Being an almost nonexistent category in the field of sociological analysis and theory in general (Gieryn 2003), space is given few attention in the critical reception of Bourdieu’s writings. Moreover Bourdieu himself didn’t threat space as an category sui generis, at least the later ‘sociological’ and post-ethnographic Bourdieu. This later version became the most renowned and helped in this way underestimating the very spatial foundations of Bourdieus core concepts. A close reading of Bourdieus earliest and anthropologically inspired sociology, does provide us more contextualized versions of these concepts. At this stage in his theory ‘socialization’ is not a universal scheme repeating itself in all cultures and obeying to deep inculcated structures. The younger Bourdieu conceives of it as a mimetic learning, children imitating routines of specific adults in specific places performing specific roles. The culture a child is learning, is a material culture; the content of it being related to places and practices performed in places. The disappearance of this contextuality (Frère 2007) is one of the main features in the transition from Bourdieu the ethnographer to Bourdieu the sociologist.

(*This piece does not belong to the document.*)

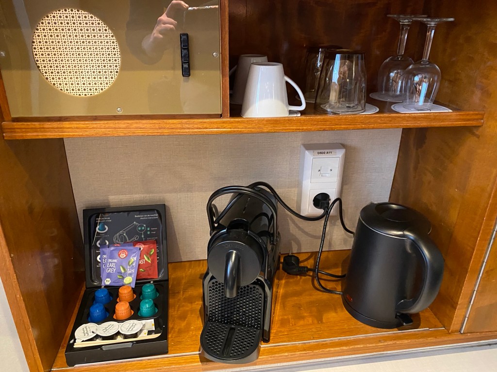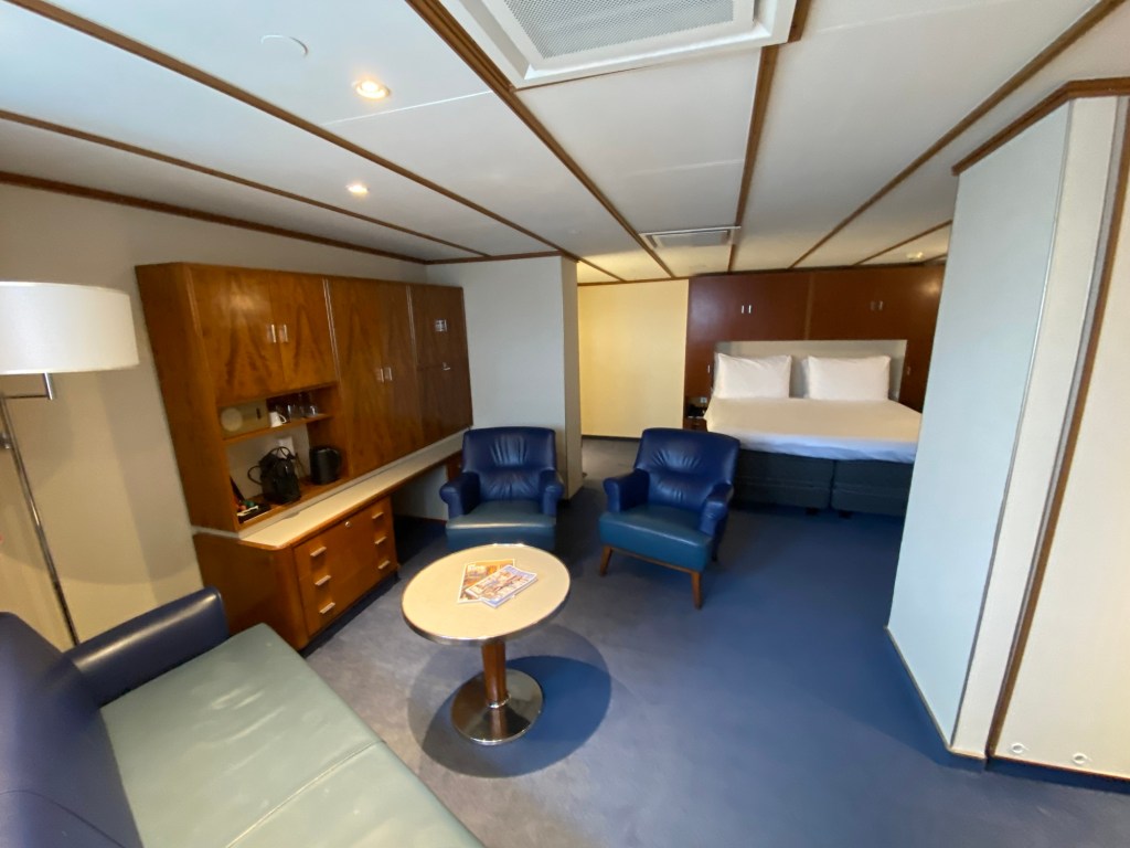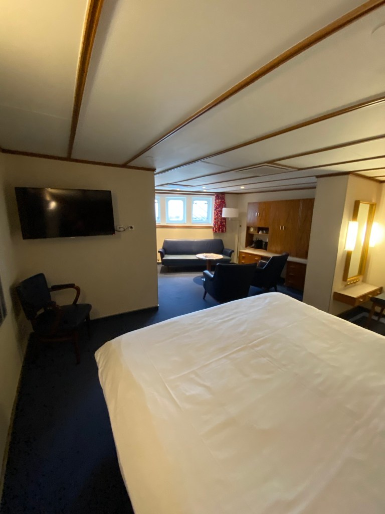 By this time it was 15:00 and our rooms where ready for check-in. Sam had chosen to book the Executive rooms, these where former Officer quarters at the front of the ship and where mostly in the original 1959 state. They featured a spacious lounge area with some nice seats, also a huge cupboard where you also could find the coffee and tea facilities. Unfortunately we found some garbage and used handkerchiefs behind one of the doors which housekeeping missed when cleaning the room.

In this paper we claim that space and contextuality can (and should) be reintegrated in Bourdieus core theory. Especially Bourdieu’s theory about fields and habitus can be reinterpreted so that these concepts become empirically testable (Lahire 2007). This requires that we allow ourselves to consider cities and urban districts as sites that we can analyze as having the features of a field; inhabited by social groups behaving as ‘position takers’ in such a field. We do draw on Bourdieu’s main theory when analyzing the dynamics between those local groups and their positions, being aware that the boundaries and dynamics of those local groups are less singular and more permeable than his theory suggests (Lamont and Inghelieri 2004; Lamont 2004).

The empirical evidence we’ll discuss in this article, suggests that at a local scale social groups constitute each other reciprocally, an insight common to what came to be known as boundary work (Lamont 2012). In a second part of our empirical findings, we will illustrate that the assumptions that steer peoples behavior, do not belong to the darkness of reproductive routines. We hope to illustrate that people can be confronted with their own practices and routines and that by doing so, they may question some of their own presuppositions. This process approximates Bourdieus concept of habitus, at the same time questioning it: what people believed to be true and valuable about themselves and the environment, can shift when they get aware of this set of assumptions and dispositions (Hillier and Rooksby 2002).